What is required -> When you write out the listing, keep each word exactly as it stands but include none of its images.

Information shown ->
========================================
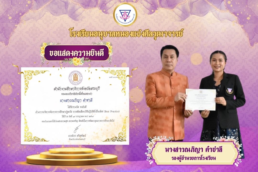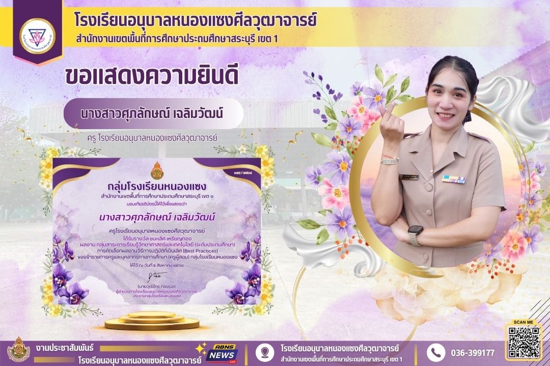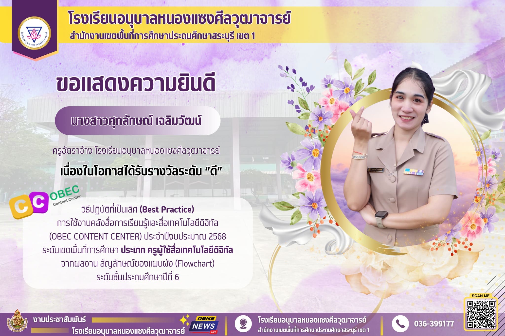 ได้รับรางวัลระดับ “ดีเยี่ยม” วิธีปฏิบัติที่เป็นเลิศ (Best Practice) ด้านการใช้งานคลังสื่อการเรียนรู้และสื่อเทคโนโลยีดิจิทัล (OBEC Content Center)ประจำปีงบประมาณ 2568 |
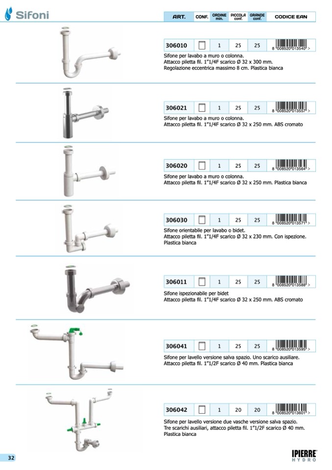 Attacco piletta fil. 1”1/4F scarico Ø 32 x 230 mm. Con ispezione.
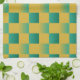 Elegant som kontrolleras mönster i grönt och guld kökshandduk
========================================
Written answer ->
 ได้รับรางวัลระดับ “ดีเยี่ยม” วิธีปฏิบัติที่เป็นเลิศ (Best Practice) ด้านการใช้งานคลังสื่อการเรียนรู้และสื่อเทคโนโลยีดิจิทัล (OBEC Content Center)ประจำปีงบประมาณ 2568 |
 Attacco piletta fil. 1”1/4F scarico Ø 32 x 230 mm. Con ispezione.
 Elegant som kontrolleras mönster i grönt och guld kökshandduk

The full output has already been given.